Новый залп встряхнул город. На этот раз орудия были направлены в каре и в народ. Раздался невероятный вопль тысяч глоток, вопль ужаса, боли, бешеного, но бессильного негодования, все закрутилось в какой-то сумасшедшей пляске и вдруг с плачем и криками бросилось бежать. Люди, сбивая один другого с ног, топтали раненых и убитых и с вытаращенными, ничего не видящими глазами неслись кто куда… И снова, закравшись белыми дымками, рванули пушки по бегущим…

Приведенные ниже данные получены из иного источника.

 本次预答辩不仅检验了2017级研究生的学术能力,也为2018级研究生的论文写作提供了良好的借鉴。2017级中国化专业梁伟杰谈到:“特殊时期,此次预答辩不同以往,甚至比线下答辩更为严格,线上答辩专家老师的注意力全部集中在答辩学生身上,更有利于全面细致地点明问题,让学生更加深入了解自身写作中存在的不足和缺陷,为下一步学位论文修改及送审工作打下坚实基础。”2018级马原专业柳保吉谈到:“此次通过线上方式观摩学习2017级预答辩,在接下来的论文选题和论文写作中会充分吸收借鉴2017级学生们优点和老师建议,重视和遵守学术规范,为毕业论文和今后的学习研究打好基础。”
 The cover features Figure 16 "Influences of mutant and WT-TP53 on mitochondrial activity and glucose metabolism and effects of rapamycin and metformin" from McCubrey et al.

– Я не покину вас, вашескородие… – подбежав к Бестужеву, бледный, проговорил его любимец, ефрейтор Любимов, родом из пушкинского Михайловского. – Всяко быть может…

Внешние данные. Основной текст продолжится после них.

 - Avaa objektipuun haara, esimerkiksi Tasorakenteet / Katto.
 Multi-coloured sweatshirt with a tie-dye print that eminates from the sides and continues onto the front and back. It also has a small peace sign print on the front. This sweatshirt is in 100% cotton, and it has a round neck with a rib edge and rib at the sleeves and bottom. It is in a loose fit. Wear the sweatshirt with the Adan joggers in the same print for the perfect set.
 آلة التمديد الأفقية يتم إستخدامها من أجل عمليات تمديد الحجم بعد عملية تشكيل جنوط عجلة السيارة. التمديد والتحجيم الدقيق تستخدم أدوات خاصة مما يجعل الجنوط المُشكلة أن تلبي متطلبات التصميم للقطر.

Новый залп, и Любимов, удивленно ахнув, ткнулся лицом в окровавленный снег: картечь пробила ему грудь. Мятежники, справившись, открыли пальбу по пушкам. Но все уже понимали, что дело проиграно: у Николая нашлось решимости на одну соломенку больше, и он повернул историю в свою пользу. Матросы просто из себя выходили: как могли они забыть о пушках! Но было уже поздно. Еще артиллерийский залп, и все в диком смятении бросилось на Неву. Иситевский мост провалился под тяжестью толпы. Люди побежали по льду. Пушки продолжали палить по бегущим. У Бестужева мелькнула мысль занять поскорее Петропавловку, и при пушках, направленных на дворец, открыть переговоры с Николаем. Но вокруг, под ядрами и картечью, все крутилось в смерчах ужаса и сделать было нельзя уже ничего. И не успели беглецы выбраться на противоположный берег, как сразу их атаковали кавалергарды…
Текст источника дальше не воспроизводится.